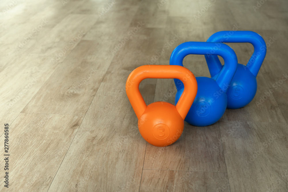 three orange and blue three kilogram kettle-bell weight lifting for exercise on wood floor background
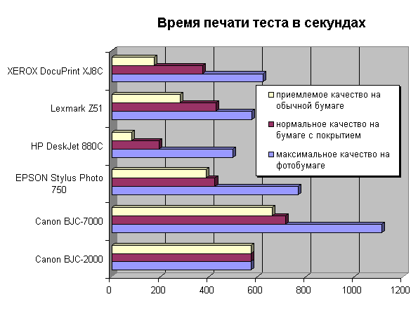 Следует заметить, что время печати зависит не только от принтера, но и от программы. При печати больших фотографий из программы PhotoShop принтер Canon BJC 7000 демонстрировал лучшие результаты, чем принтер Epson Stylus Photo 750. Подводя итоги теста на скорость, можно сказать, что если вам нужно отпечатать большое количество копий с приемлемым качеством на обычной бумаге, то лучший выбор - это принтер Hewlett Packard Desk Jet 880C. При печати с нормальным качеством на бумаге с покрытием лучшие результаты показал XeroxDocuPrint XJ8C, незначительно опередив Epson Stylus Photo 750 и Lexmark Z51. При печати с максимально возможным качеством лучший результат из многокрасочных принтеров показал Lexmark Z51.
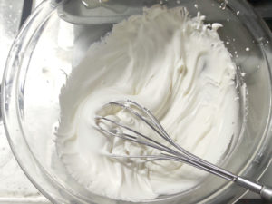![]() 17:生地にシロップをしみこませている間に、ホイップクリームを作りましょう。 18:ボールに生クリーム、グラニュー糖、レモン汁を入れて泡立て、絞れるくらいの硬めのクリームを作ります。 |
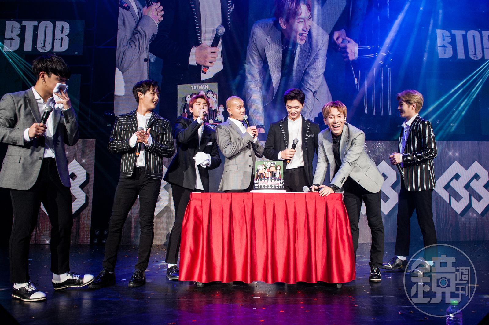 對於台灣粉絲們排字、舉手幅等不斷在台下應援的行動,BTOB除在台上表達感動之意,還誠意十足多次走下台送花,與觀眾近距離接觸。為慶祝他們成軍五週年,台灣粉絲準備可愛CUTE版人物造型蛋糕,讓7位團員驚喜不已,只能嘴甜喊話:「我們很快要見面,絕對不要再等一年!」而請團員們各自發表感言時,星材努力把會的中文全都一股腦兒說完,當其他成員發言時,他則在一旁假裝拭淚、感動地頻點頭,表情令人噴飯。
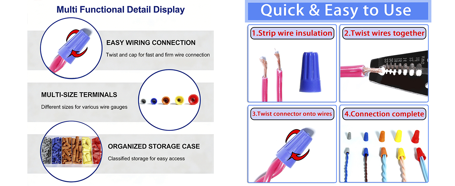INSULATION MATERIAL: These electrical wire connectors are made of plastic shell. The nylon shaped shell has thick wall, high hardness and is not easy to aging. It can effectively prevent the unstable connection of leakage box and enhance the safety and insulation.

____

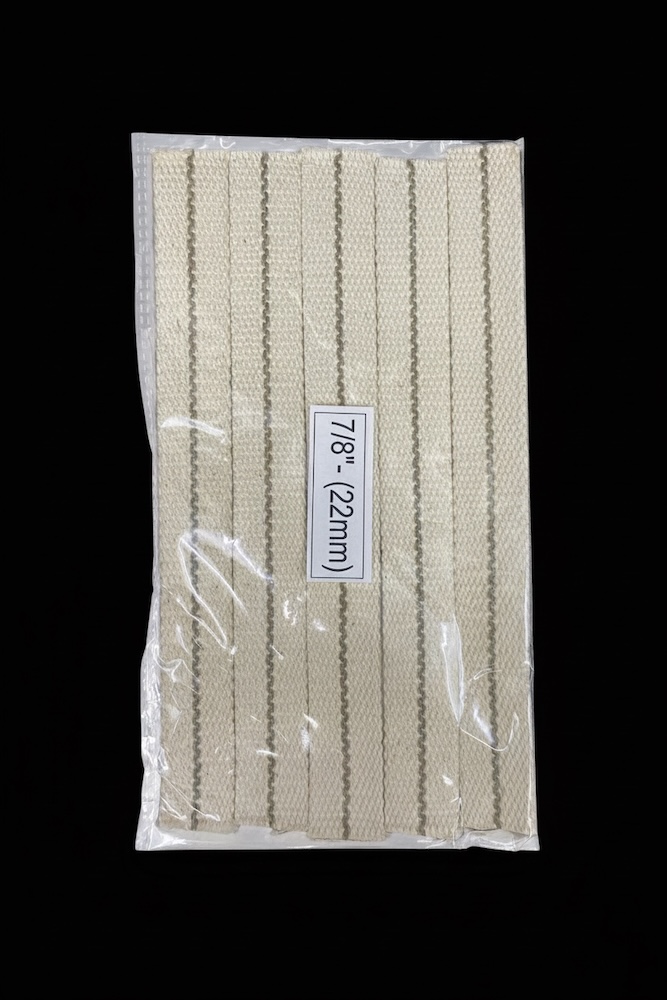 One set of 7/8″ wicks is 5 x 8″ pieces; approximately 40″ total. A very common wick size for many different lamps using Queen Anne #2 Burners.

____

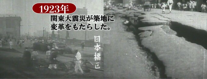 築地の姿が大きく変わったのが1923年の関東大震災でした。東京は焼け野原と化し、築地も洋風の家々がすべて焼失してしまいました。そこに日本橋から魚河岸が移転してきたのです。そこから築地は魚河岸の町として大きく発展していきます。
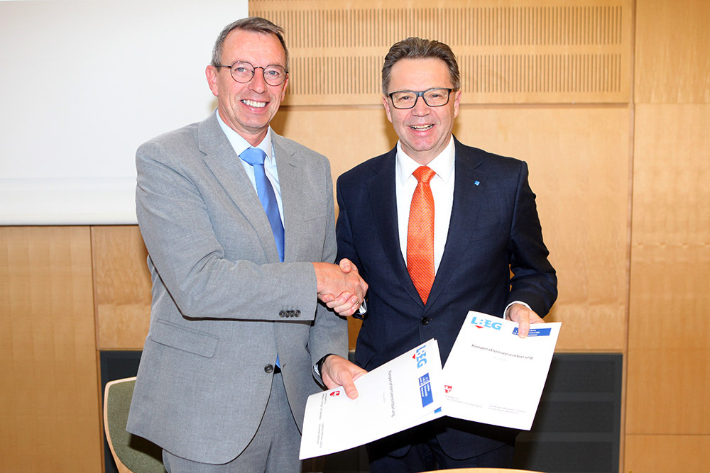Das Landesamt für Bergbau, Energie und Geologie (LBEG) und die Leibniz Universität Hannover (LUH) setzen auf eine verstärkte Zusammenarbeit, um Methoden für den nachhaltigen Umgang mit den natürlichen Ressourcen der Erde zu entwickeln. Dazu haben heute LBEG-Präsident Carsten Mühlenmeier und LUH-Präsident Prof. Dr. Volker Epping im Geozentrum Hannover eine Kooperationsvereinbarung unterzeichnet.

____

PROBLEM REQUIREMENTS
Print exactly the lines above that run from the one with "築地の姿が大きく変わったのが" to the one with "Das Landesamt für", both included. No pictures.

RESPONSE AREA
 築地の姿が大きく変わったのが1923年の関東大震災でした。東京は焼け野原と化し、築地も洋風の家々がすべて焼失してしまいました。そこに日本橋から魚河岸が移転してきたのです。そこから築地は魚河岸の町として大きく発展していきます。
Das Landesamt für Bergbau, Energie und Geologie (LBEG) und die Leibniz Universität Hannover (LUH) setzen auf eine verstärkte Zusammenarbeit, um Methoden für den nachhaltigen Umgang mit den natürlichen Ressourcen der Erde zu entwickeln. Dazu haben heute LBEG-Präsident Carsten Mühlenmeier und LUH-Präsident Prof. Dr. Volker Epping im Geozentrum Hannover eine Kooperationsvereinbarung unterzeichnet.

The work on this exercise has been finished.